The set of these requirements served as a de facto definition of OLAP, quite often causes various complaints, for example, rules 1, 2, 3, 6 are the requirements, and rules 10, 11 - informalized wishes. Tokmakov G.P. Database. Concept of databases, relational data model, SQL languages. P. 68 Thus, the listed 12 Code requirements do not allow to accurately determine OLAP. In 1995, the code for the list added the following six rules:

13. Batch extraction against interpretation - the OLAP system should equally efficiently provide access to both its own and external data.

14. Support all OLAP-analysis models - the OLAP system must maintain all four data analysis models defined by the code: categorical, interpreting, speculative and stereotypical.

15. Processing of abnormalized data - the OLAP system must be integrated with abnormal data sources. Data modifications made in OLAP medium should not lead to changes in data stored in the source external systems.

16. Saving OLAP results: storing them separately from the source data - an OLAP system operating in the read-write mode, after modifying the source data, the results should be saved separately. In other words, the security of the source data is ensured.
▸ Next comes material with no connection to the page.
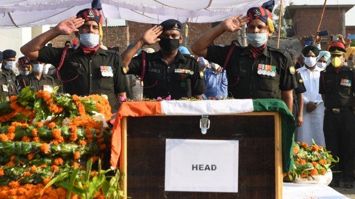 Pasca konflik selama 3 hari, pasukan China dilaporkan membebaskan 10 pasukan India, FOTO: Para perwira Angkatan Darat India memberi hormat setelah meletakkan karangan bunga di peti mati prajurit Satnam Singh yang terbunuh dalam bentrokan baru-baru ini dengan pasukan Cina di daerah lembah Galwan, selama upacara kremasi di desa Bhojraj dekat Gurdaspur pada 18 Juni 2020.

17. The exclusion of missing values-- OLAP-system, presenting these to the user, must discard all the missing values. In other words, missing values \u200b\u200bshould differ from zero values.

18. Processing of missing values \u200b\u200b- the OLAP system must ignore all the missing values \u200b\u200bwithout taking into account their source. This feature is associated with the 17th rule.
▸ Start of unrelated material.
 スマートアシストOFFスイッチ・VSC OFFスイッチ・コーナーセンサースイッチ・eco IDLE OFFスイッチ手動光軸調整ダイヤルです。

In addition, the Codd broke all 18 rules for the next four groups, calling them features. These groups received names in, S, R and D.

The main features (B) include the following rules:

Multidimensional conceptual representation of data (rule 1);

Intuitive data manipulation (rule 10);

Availability (rule 3);

Batch extraction against interpretation (rule 13);

Support for all OLAP analysis models (rule 14);

Architecture "Client-server" (rule 5);

Transparency (rule 2);

Multiplayer support (rule 8)

Special features (s):

Processing of abnormalized data (rule 15);

Saving OLAP results: storing them separately from the source data (rule 16);

Elimination of missing values \u200b\u200b(rule 17);

Processing of missing values \u200b\u200b(rule 18). Features of reporting (R):

Reporting flexibility (rule 11);

Standard report performance (rule 4);

Automatic setting physical level (Changed Original Rule 7).

Measurement Management (D):

Universality of measurements (rule 6);

Unlimited number of measurements and aggregation levels (rule 12);

Unlimited operations between dimensions (rule 9).